**EXERCISE INSTRUCTIONS**
Look in the material below for the line with "一口かじると、香ばしい衣とや" and the line with "- Vào link chính", then set down exactly those two lines and all lines between, nothing more.

**MATERIAL TO PROCESS**
□ □ □ □

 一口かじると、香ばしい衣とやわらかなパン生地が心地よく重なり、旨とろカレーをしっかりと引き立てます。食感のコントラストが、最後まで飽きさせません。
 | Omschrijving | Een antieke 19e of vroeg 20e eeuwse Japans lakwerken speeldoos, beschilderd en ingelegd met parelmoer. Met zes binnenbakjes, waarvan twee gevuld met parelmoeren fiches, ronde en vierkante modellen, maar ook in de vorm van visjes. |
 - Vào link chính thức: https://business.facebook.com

□ □ □ □

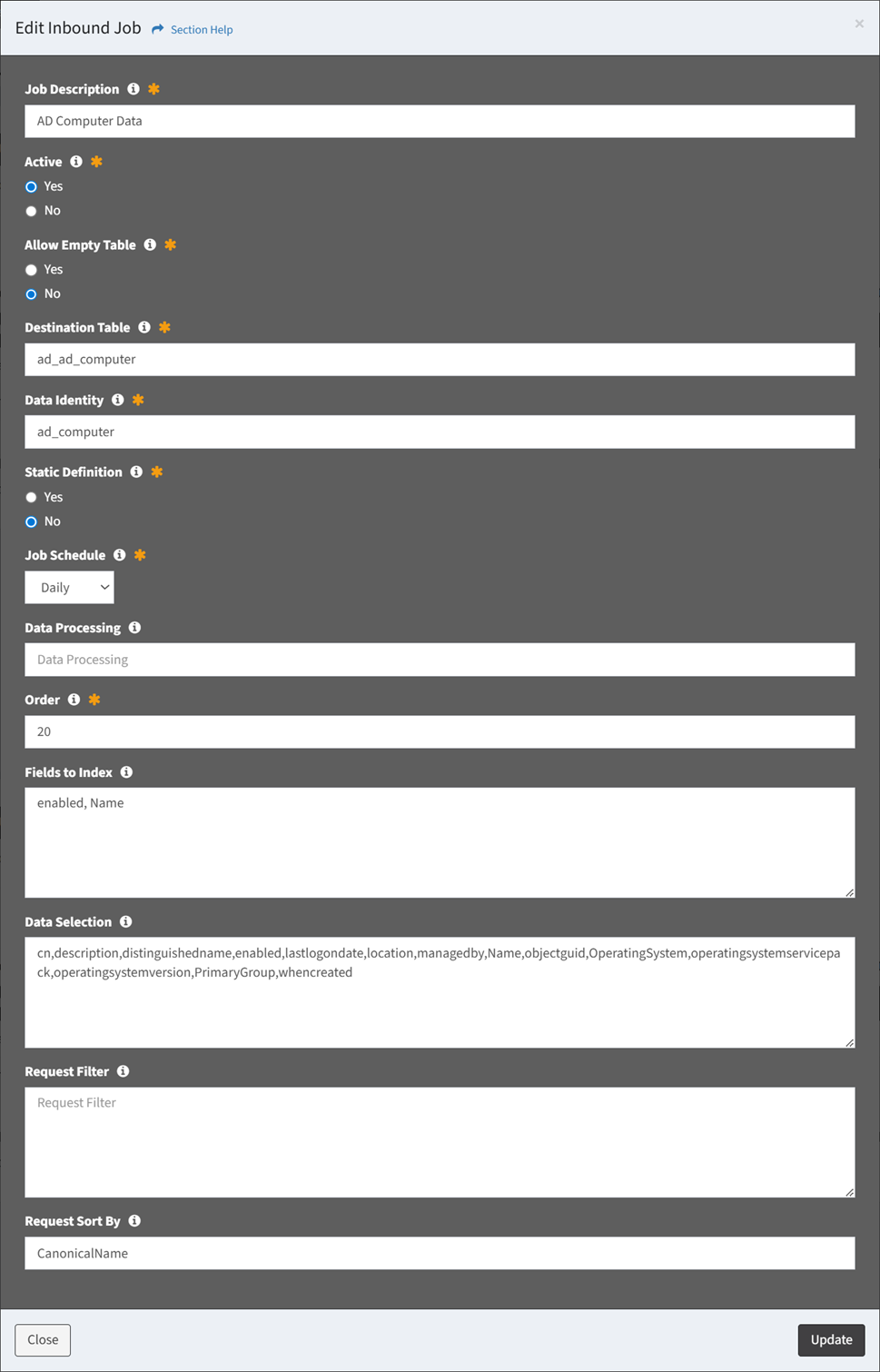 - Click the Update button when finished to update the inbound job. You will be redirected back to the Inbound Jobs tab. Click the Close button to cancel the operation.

□ □ □ □

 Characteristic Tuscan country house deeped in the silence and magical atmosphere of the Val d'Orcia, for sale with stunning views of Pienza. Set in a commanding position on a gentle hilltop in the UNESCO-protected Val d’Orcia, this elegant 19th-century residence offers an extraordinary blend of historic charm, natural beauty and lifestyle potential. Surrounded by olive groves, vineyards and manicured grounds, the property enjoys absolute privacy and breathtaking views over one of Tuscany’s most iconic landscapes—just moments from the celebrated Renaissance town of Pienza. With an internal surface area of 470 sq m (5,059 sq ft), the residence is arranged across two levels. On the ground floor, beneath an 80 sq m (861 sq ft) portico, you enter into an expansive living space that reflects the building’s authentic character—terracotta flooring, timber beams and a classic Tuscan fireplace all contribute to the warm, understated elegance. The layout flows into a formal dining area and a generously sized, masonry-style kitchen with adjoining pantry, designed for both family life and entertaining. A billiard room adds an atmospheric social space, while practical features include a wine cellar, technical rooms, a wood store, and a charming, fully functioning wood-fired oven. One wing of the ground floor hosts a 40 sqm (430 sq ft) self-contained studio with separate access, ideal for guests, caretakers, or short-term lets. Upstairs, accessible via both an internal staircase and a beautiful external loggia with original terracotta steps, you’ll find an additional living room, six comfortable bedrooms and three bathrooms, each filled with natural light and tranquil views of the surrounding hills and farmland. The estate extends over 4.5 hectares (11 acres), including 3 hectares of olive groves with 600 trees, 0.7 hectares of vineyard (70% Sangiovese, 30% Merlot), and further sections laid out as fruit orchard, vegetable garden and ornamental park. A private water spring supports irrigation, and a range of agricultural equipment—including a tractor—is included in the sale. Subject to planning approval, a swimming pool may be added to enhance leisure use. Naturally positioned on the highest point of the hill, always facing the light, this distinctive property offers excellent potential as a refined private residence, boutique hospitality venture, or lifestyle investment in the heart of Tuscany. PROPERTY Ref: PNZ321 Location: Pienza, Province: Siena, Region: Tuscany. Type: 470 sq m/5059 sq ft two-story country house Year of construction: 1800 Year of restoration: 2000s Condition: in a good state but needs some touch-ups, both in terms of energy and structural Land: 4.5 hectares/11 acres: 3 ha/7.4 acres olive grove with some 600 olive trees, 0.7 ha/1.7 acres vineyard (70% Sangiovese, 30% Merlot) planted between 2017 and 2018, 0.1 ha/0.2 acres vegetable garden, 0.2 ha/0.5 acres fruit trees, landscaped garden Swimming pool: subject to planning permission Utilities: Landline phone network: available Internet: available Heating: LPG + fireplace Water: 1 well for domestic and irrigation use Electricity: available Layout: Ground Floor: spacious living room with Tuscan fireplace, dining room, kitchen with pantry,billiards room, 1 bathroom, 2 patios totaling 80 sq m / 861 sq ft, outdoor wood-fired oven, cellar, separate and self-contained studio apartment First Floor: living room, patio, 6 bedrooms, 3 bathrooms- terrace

□ □ □ □

**ANSWER TO THE PROBLEM**
 一口かじると、香ばしい衣とやわらかなパン生地が心地よく重なり、旨とろカレーをしっかりと引き立てます。食感のコントラストが、最後まで飽きさせません。
 | Omschrijving | Een antieke 19e of vroeg 20e eeuwse Japans lakwerken speeldoos, beschilderd en ingelegd met parelmoer. Met zes binnenbakjes, waarvan twee gevuld met parelmoeren fiches, ronde en vierkante modellen, maar ook in de vorm van visjes. |
 - Vào link chính thức: https://business.facebook.com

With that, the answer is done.